PROVIDED MATERIAL:
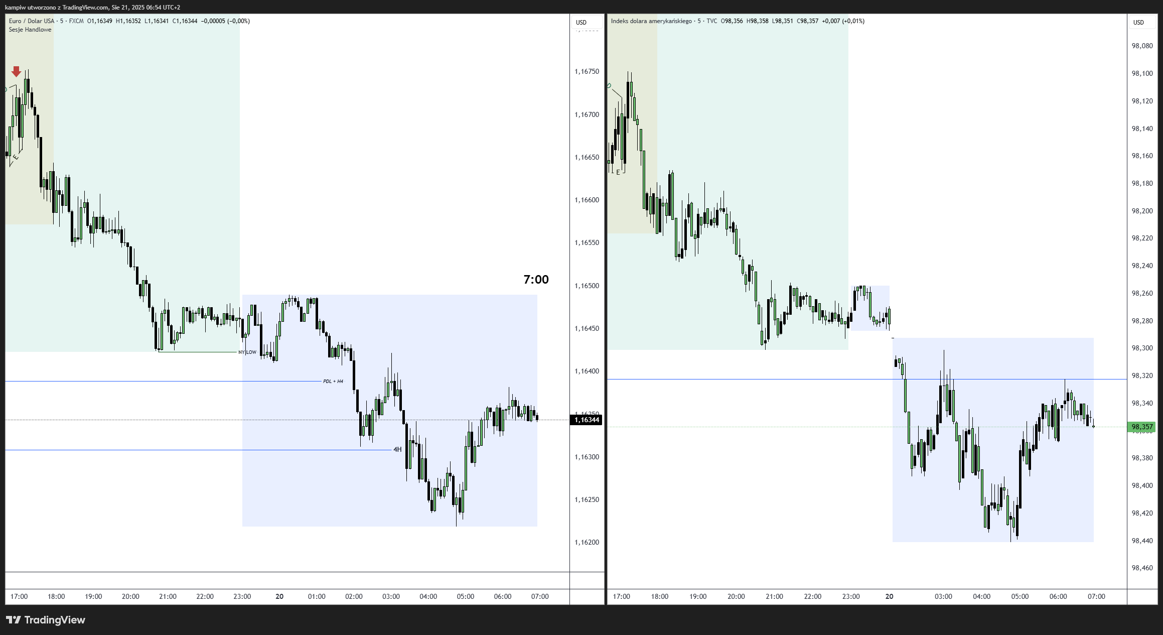 Wczorajszy dzień był spadkowy. Dzisiaj bias spadkowy, ponieważ nie wystąpiło SMT na reversal ALE Azja zabrała PDL i 2xH4 więc Long równiez wchodził w grę na potencjalne odwrócenie się (przynajmniej chwilowe). Tak, też się stało, pojawiło się SMT(D) wzrostowe na London open, co wykorzystałem i zagrałem longa, mając zielone światło na pozycje long jak i short.
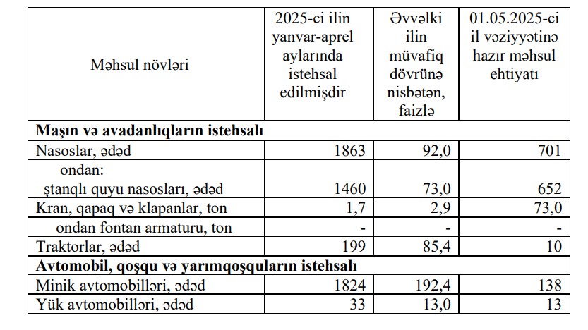 2025-ci ilin yanvar-aprel aylarında əvvəlki ilin müvafiq dövrü ilə müqayisədə traktorların istehsalı isə 14,6 faiz azalıb.
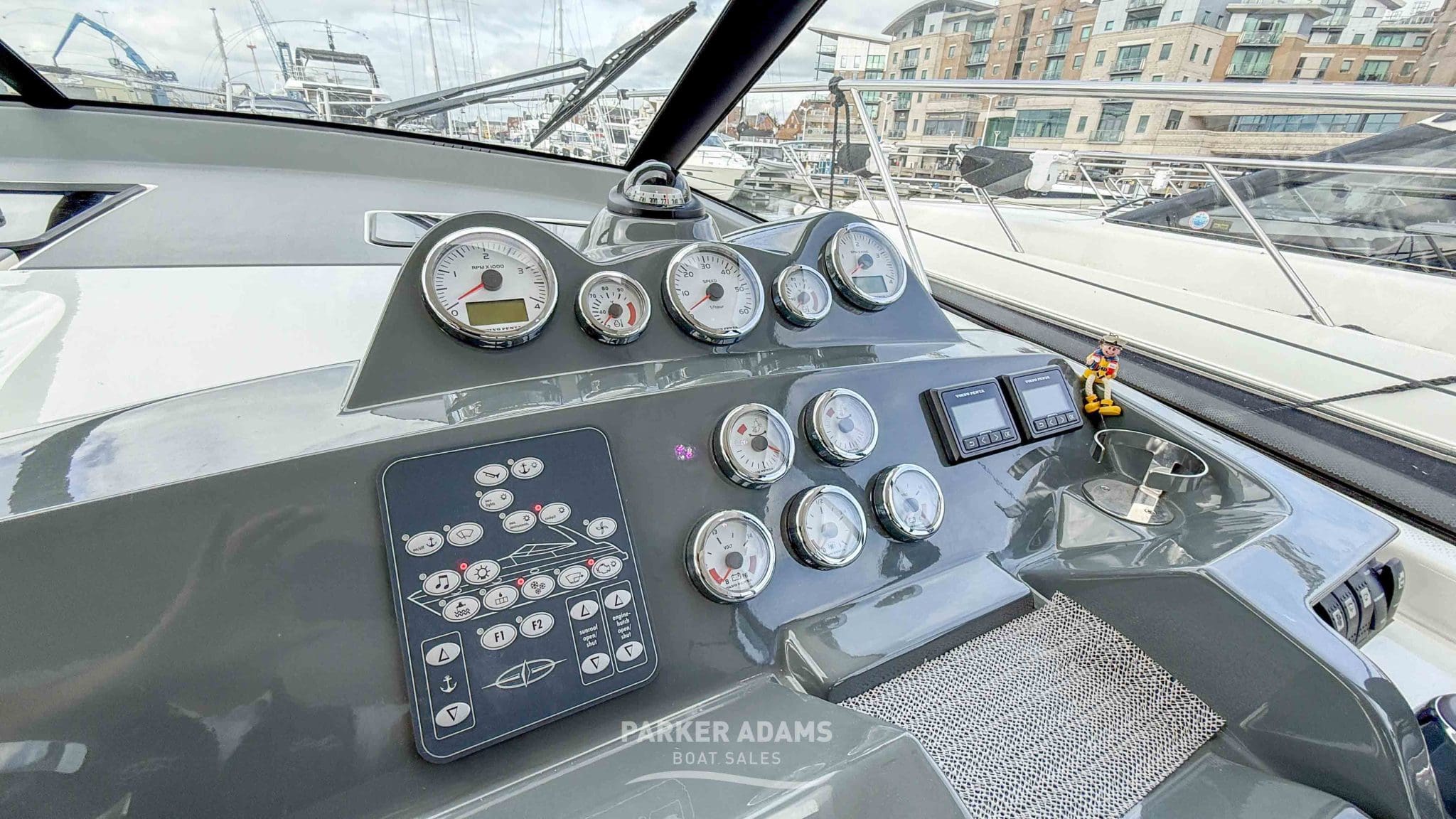 - Comprehensive instrumentation: RPM, oil pressure, speed, trim, battery, and fuel gauges

TRY IT:
When a line carries an image, skip the image and repeat everything else above exactly as written.

THE ANSWER:
 Wczorajszy dzień był spadkowy. Dzisiaj bias spadkowy, ponieważ nie wystąpiło SMT na reversal ALE Azja zabrała PDL i 2xH4 więc Long równiez wchodził w grę na potencjalne odwrócenie się (przynajmniej chwilowe). Tak, też się stało, pojawiło się SMT(D) wzrostowe na London open, co wykorzystałem i zagrałem longa, mając zielone światło na pozycje long jak i short.
 2025-ci ilin yanvar-aprel aylarında əvvəlki ilin müvafiq dövrü ilə müqayisədə traktorların istehsalı isə 14,6 faiz azalıb.
 - Comprehensive instrumentation: RPM, oil pressure, speed, trim, battery, and fuel gauges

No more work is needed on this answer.